Metadata-Version: 1.2
Name: python-edgar
Version: 2.3
Summary: Download the SEC fillings index from EDGAR since 1993
Home-page: https://github.com/edouardswiac/python-edgar
Author: Edouard Swiac
Author-email: edouard.swiac@gmail.com
License: MIT
Project-URL: Bug Tracker, https://github.com/edouardswiac/python-edgar/issues
Project-URL: Documentation, https://github.com/edouardswiac/python-edgar/blob/master/README.md
Project-URL: Source Code, https://github.com/edouardswiac/python-edgar/
Description-Content-Type: UNKNOWN
Description: [![Build Status](https://travis-ci.org/edouardswiac/python-edgar.svg?branch=master)](https://travis-ci.org/edouardswiac/python-edgar)
        
        
        # Build a master index of SEC filings since 1993 with `python-edgar`
        
        The SEC filings index is split in quarterly files since 1993 (1993-QTR1, 1993-QTR2...). By using `python-edgar` and some scripting, you can easily rebuild a master index of all filings since 1993 by stitching quarterly index files together. The master index file can be then feed to a database, a pandas dataframe, stata, etc... 
        
        An index file is a csv-like (pipe `|` separated) file that contains the following information:
          - Company name (eg. ```TWITTER, INC```)
          - Company CIK (eg.``` 0001418091```)
          - Filling date (eg. ```2013-10-03```)
          - Filling type (eg. ```S1```)
          - Filling URL on EDGAR (```edgar/data/1418091/0001193125-13-390321.txt```)
        
        Once `python-edgar` is finished downloading index files, you can open an index file with ```csv.csvreader``` or ```pandas.read_csv```  to have the data programmatically usable. Remember that the delimiter character is `|`!
        
        `python-edgar` can be used as a library called from another python script, or as a standalone script.
        
        ## Features 
        - Fast: parallel downloads with `multiprocessing`. The more CPUs you have the faster it'll go.
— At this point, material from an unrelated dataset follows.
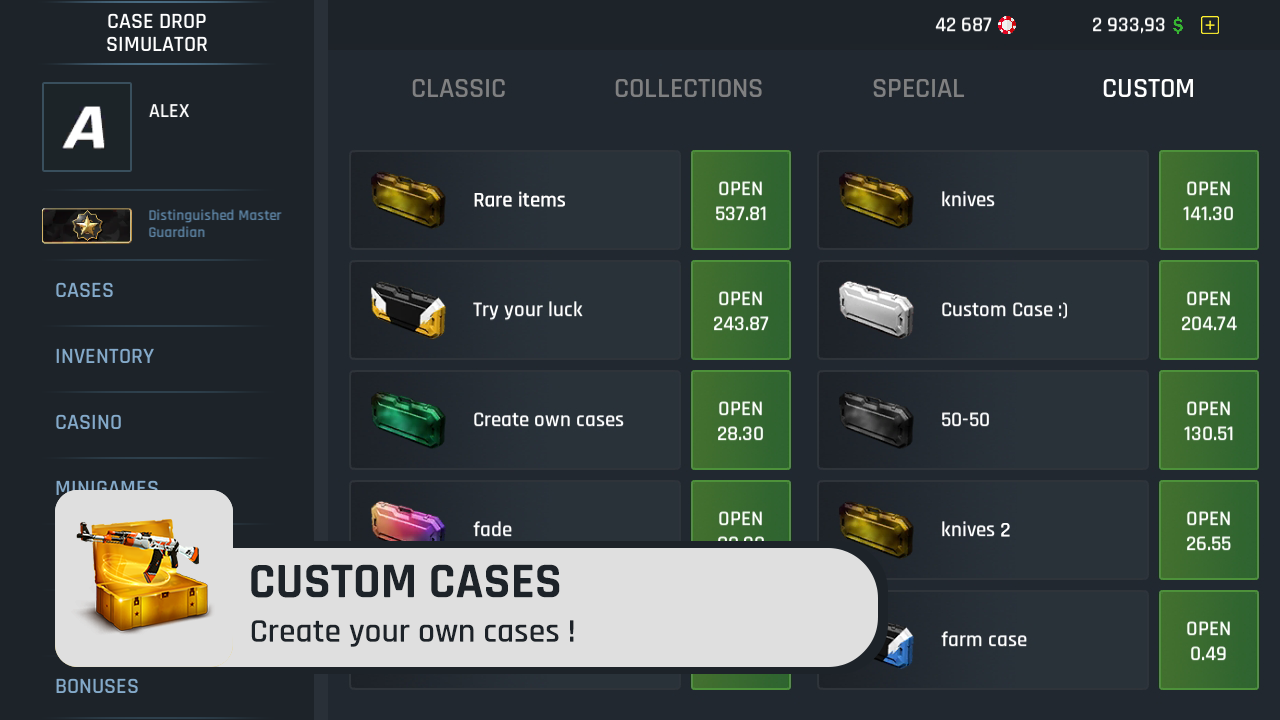 Uwaga: Case Drop Simulator to po prostu mobilna aplikacja do symulacji i nie jest powiązana z Counter Strike: Global Offensive lub CS 1.6, więc wszystkie znalezione tam skórki i inne przedmioty NIE MOGĄ być używane na Steamie lub oficjalnej grze Valve.

        - Efficient: retrieve compressed archives instead of raw index file that are 10 times bigger
        - Import as a library in your python project or run as a standalone script 
        - Python 2 & 3 Compatible with external 0 dependencies.
        
        ## Usage
        
        ### Using python-edgar as a library
        
        Install from pip in a virtualenv
        ```sh
        pip install python-edgar
        ```
        
        Call the library
        ```python
        import edgar
        edgar.download_index(download_directory, since_year)
        ```
        Output
        ```shell
        2018-06-23 12:41:46,451 - DEBUG - downloads will be saved to /var/folders/bv/2zbdkyyj14766dcw07x6zrrr0000gn/T/tmpr2Nk3o
        2018-06-23 12:41:46,451 - DEBUG - downloading files since 2017
        2018-06-23 12:41:46,451 - INFO - 6 index files to retrieve
        2018-06-23 12:41:46,465 - DEBUG - worker count: 4
        2018-06-23 12:41:48,359 - INFO - > downloaded https://www.sec.gov/Archives/edgar/full-index/2017/QTR3/master.zip to /var/folders/bv/2zbdkyyj14766dcw07x6zrrr0000gn/T/tmpr2Nk3o/2017-QTR3.tsv
        2018-06-23 12:41:48,611 - INFO - > downloaded https://www.sec.gov/Archives/edgar/full-index/2018/QTR2/master.zip to /var/folders/bv/2zbdkyyj14766dcw07x6zrrr0000gn/T/tmpr2Nk3o/2018-QTR2.tsv
        2018-06-23 12:41:48,649 - INFO - > downloaded https://www.sec.gov/Archives/edgar/full-index/2017/QTR4/master.zip to /var/folders/bv/2zbdkyyj14766dcw07x6zrrr0000gn/T/tmpr2Nk3o/2017-QTR4.tsv
        2018-06-23 12:41:48,935 - INFO - > downloaded https://www.sec.gov/Archives/edgar/full-index/2018/QTR1/master.zip to /var/folders/bv/2zbdkyyj14766dcw07x6zrrr0000gn/T/tmpr2Nk3o/2018-QTR1.tsv
        2018-06-23 12:41:49,750 - INFO - > downloaded https://www.sec.gov/Archives/edgar/full-index/2017/QTR2/master.zip to /var/folders/bv/2zbdkyyj14766dcw07x6zrrr0000gn/T/tmpr2Nk3o/2017-QTR2.tsv
        2018-06-23 12:41:50,237 - INFO - > downloaded https://www.sec.gov/Archives/edgar/full-index/2017/QTR1/master.zip to /var/folders/bv/2zbdkyyj14766dcw07x6zrrr0000gn/T/tmpr2Nk3o/2017-QTR1.tsv
        2018-06-23 12:41:50,376 - INFO - complete
        2018-06-23 12:41:50,377 - INFO - Files downloaded in /var/folders/bv/2zbdkyyj14766dcw07x6zrrr0000gn/T/tmpr2Nk3o
        ```
        
        ### Using python-edgar as a standalone script
        
        - Download this repository as a zip ("Clone or Download" green button, > Download as zip.) 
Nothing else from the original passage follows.